-2

I have a list 15 files all with the ending ******_filteredSNPs.txt. The starred bit is individual names for each of the 15 file. How do I list all these files?

I need the output files to have the individual names at the start but with the ending clumped.

E.g.

cd /data/PRS/

i=$PBS_ARRAYID

file="${i}_filteredSNPs.txt"
out="${i}_clumped"


./plink \
    --bfile filesforPRS \
    --clump-p1 1 \
    --clump-r2 0.1 \
    --clump-kb 250 \
    --clump ${file} \
    --clump-snp-field ID \
    --clump-field P \
    --out ${out}

I am trying the above but get an error as it fails to open my input files.

John Kugelman
  • 349,597
  • 67
  • 533
  • 578
AvniKaur
  • 39
  • 1
  • 6
  • What will work depends on your operating system and shell; Windows `cmd` has wildly different handling of wildcards than Unix shells, for example. There are also many incompatible Unix shells like Fish and the Csh (dysfunctional :-) family. By the vague looks of your question, I'm guessing you are looking for the simple Bourne shell wildcard `*_filteredSNPs.txt` though it's not at all clear what the requirements of `--clump` are. Is this the name of an option of a command? Does it have a man page? – tripleee Jun 21 '22 at 11:20
  • Merely specifying a wildcard after the option name won't work because the shell will expand the wildcard, which looks to the calling program like the first of the expanded names is the argument to `--clump` and the rest are something else, typically just file names for the command to read. Voting to close as unclear anyway. – tripleee Jun 21 '22 at 11:22
  • Thanks for your response. Please see the edited question. I want to list a number of files to one command and the output should correspond to each input file. – AvniKaur Jun 21 '22 at 12:02
  • This requires `plink` to allow more than one `--clump` option; does it? – tripleee Jun 21 '22 at 12:49
  • Or do you mean you want to run `plink` 15 times with different pairs of arguments, like `--clump one_filtered.txt` with output to `one_clumped`, then `--clump two_filtered.txt` with output to `two_clumped`, etc? – tripleee Jun 21 '22 at 12:53
  • Possible duplicate of https://stackoverflow.com/questions/28725333/looping-over-pairs-of-values-in-bash – tripleee Jun 21 '22 at 12:54
  • I think you can specify more than one input files but I can't seem to code how to do this when the ending for each file is the same but the start of it is different. I also want the output file to match each input file – AvniKaur Jun 21 '22 at 13:18
  • Sounds like the proposed duplicate then. – tripleee Jun 21 '22 at 13:19

1 Answers1

1

Your question remains unclear and probably a duplicate, but I'm guessing it's either of the following. Please follow up in a comment, or edit your question to clarify it still.

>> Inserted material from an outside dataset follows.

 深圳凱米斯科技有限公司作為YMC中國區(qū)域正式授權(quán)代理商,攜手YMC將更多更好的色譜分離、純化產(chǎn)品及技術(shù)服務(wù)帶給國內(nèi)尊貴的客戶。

Perhaps you are looking for a way to run plink on each matching file separately?

for file in *_filteredSNPs.txt; do
    ./plink \
        --bfile filesforPRS \
        --clump-p1 1 \
        --clump-r2 0.1 \
        --clump-kb 250 \
        --clump "$file" \
        --clump-snp-field ID \
        --clump-field P \
        --out "${file%_filteredSNPs.txt}_clumped"
done

Notice also how double quotes (but not braces {...}) are necessary to avoid problems when handling files with unusual characters in their names; see When to wrap quotes around a shell variable? The parameter expansion ${file%_filteredSNPs.txt} returns the value of the variable with the suffix after % removed.

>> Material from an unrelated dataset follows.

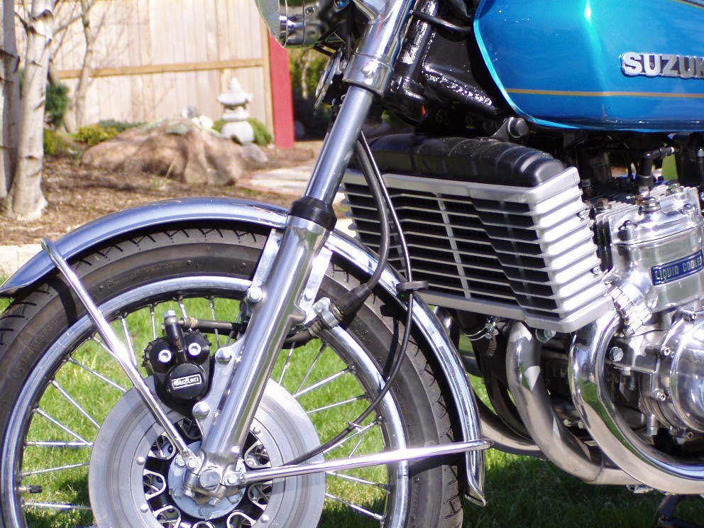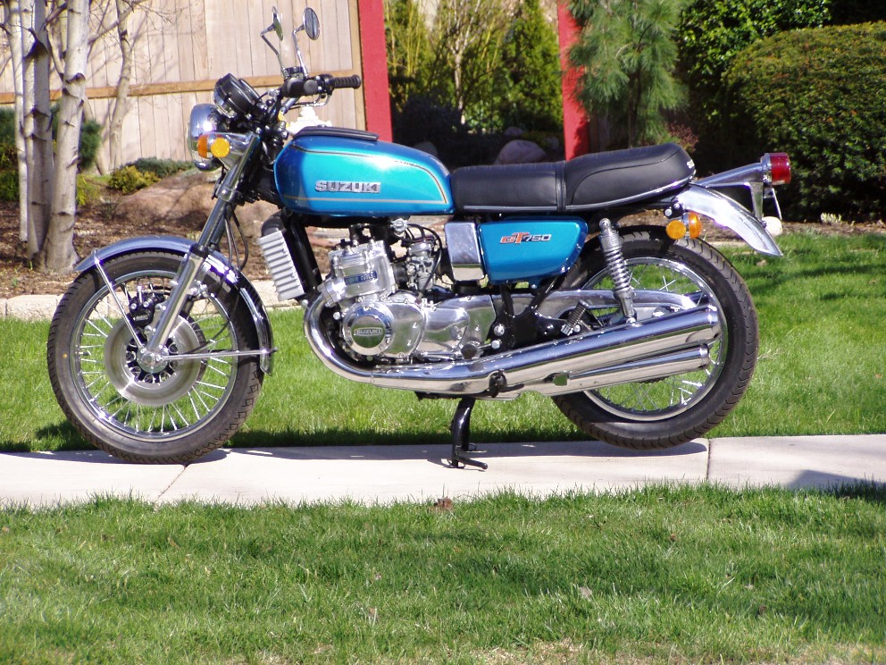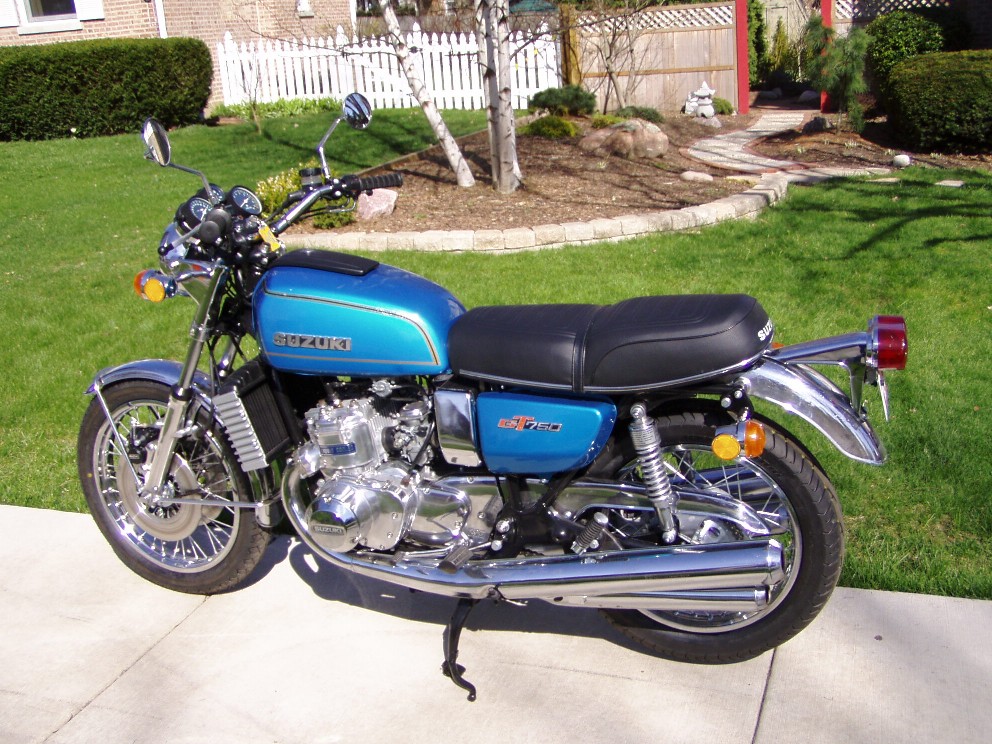 Fully rebuilt from the ground up and almost 100% original. When I acquired this bike, it had done 33,000 miles in the hands of the first and only owner who bought it new in 1976. He rode all over the country on it, until he started a family and then he stuck it away in his garage, where it has sat since 1986. The bike was last registered in Illinois in 1981 and comes with the original Illinois title, owners handbook and service manual. What attracted me to this bike was its degree of originality and general condition. I like bikes that look right for their age and look well cared for. Modern show chrome and paint with a dozen coats of clear, are so different to the style of the day and look out of place to my eyes. The motor was stuck solid and refused to turn over, so it was completely stripped and rebuilt. New seals, gaskets and a crankshaft rebuilt by one of the country’s leading crankshaft engineers were fitted. The pistons and barrel were OK, and all that was needed was a light skim on the top and bottom barrel faces to bring it up to scratch. Alloy parts were either polished or painted to original specifications. The motor is currently fitted with a high compression head, and mildly ported barrels. The buyer has a choice of keeping those parts on the bike, or else I can swap them out for totally stock parts or I could even fit a set of the less powerful, L model barrels which give more bottom end torque. It currently has a custom Dyna electronic ignition, but the buyer can have it with stock points ignition if they prefer total originality. The carburetors were completely stripped, cleaned and rebuilt with new jets. Needles were inspected and showed no sign of wear so they were re-fitted. As they were assembled, they were adjusted and synchronized. The carburation retrofit fix for low speed surging was also taken care of at the same time. While the motor was out, the frame was stripped and repainted in gloss black. Swingarm bushes were not so good, and they were replaced and upgraded to bronze bushes, which were reamed to size and fitted with new bearing sleeves. The front forks were stripped, cleaned and polished and assembled with new fork oil and oil seals. Wiring was all checked and tested and any non-functional components replaced, including the battery. All the chassis and external motor hardware was re-plated in bight zinc plate and heat-treated. Wheels were rebuilt and fitted with new Bridgestone BT45 tires and tubes, which are the best tires available for a GT750. A new chain and sprockets were also fitted. Brakes were completely overhauled and fitted with new Brembo brake pads at the front and new brake shoes at the rear. Tank and side covers are the original manufacturers paint and have minor blemishes consistent with a bike that is well used and looked after. All the chrome plate is original and has the usual minute pits and imperfections, which add to the patina. Exhausts have been cleaned out and are in great condition. The seat was professionally re-covered with a cover that is embossed to the exact shape and pattern as the original factory seat. The stainless trim has been polished and refitted. Even the fuel tap (petcock) was stripped and rebuilt with all new seals. This bike needs nothing except an owner that has the time to ride it and the desire to own a Japanese Classic. More details on what was done in the rebuilding process along with "before" pictures. |

This uses no Bash features, and so will work with any sh variant.

Or, if your plink command allows more than one --clump option, and you want to add them all into the same command line, you can just interpolate them into it.

# Put beginning of command into array
cmd=(./plink \
    --bfile filesforPRS \
    --clump-p1 1 \
    --clump-r2 0.1 \
    --clump-kb 250)
# Add matches to array
for file in *_filteredSNPs.txt; do
    cmd+=(--clump "$file")
done
# Then add tail of command
cmd+=(--clump-snp-field ID \
    --clump-field P \
    --out "$out")
# Finally, execute it
"${cmd[@]}"

If you have 15 matching files, this will add the --clump option 15 times, each followed by another one of the 15 file names, then run plink once.

Arrays are a Bash feature, so this will not work portably with sh.

tripleee
  • 175,061
  • 34
  • 275
  • 318